Judging by the results, if you add the value of support reaction B to Mx, then everything returns to normal, but the bending moment at support A increases by the value of reaction B. There are lines of supports A and B, but this is a pure visualization of load levels and used as constants in calculation. Calculation for: distribution load 10, beam 4.

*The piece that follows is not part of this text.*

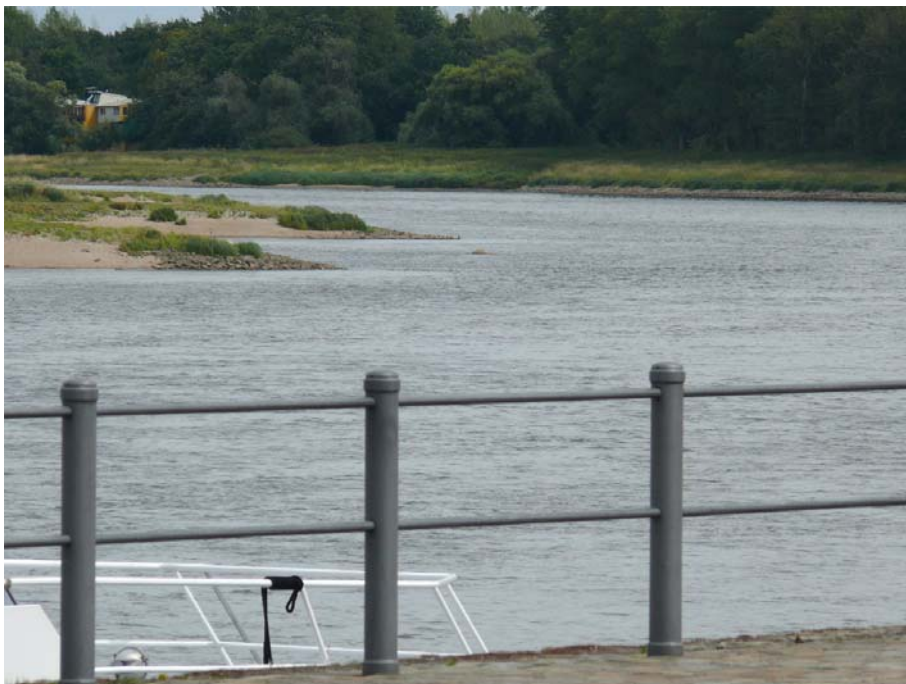
Blick vom Schönebecker Salzblumenplatz zum 620 m entfernten Hungerstein, bei einem Pegelstand von 98 cm (Elbepegel Schönebeck), 11.08.2008

Doc, one more question. Is it possible to find functions of shear forces for the main types of beams? I can’t derive them myself; the differential equations are completely forgotten. Although extreme values are usually used in calculations. In the graph, I subtracted the load on the shoulder qx from the support reaction A, but this is pure adjustment of the result. Sincerely
MB = Al + MA - ql^2/2 = 5ql^2/8 - ql^2/8 - ql^2/2 = 0
so go for it.
Regarding the need for reinforcement in sections with zero bending moment, everything is correct; in such sections, longitudinal reinforcement is not needed according to the calculation. But the actual operating conditions of the structure may differ significantly from the accepted design scheme, and in addition, pinching of the reinforcement must be ensured for its reliable operation. For more details, see the article "Anchoring reinforcement."
Prefabricated slab supported on two sides.
Monolithic single-span slab (beam) supported on masonry.
Balcony slab (beam) cantilever.
Balcony or cantilever beam with brace.
Multi-span beam supported on masonry walls.
Multi-span slab supported on metal beams.
Monolithic basement wall.
Connecting a reinforced concrete column to the foundation.
Hinge or pinch – which to choose?
Is the connection between the grillage and the piles a hinge or a rigid connection?
Supporting a metal or reinforced concrete frame on the foundation.
Floor slabs and beams.
Supporting end slabs or secondary beams.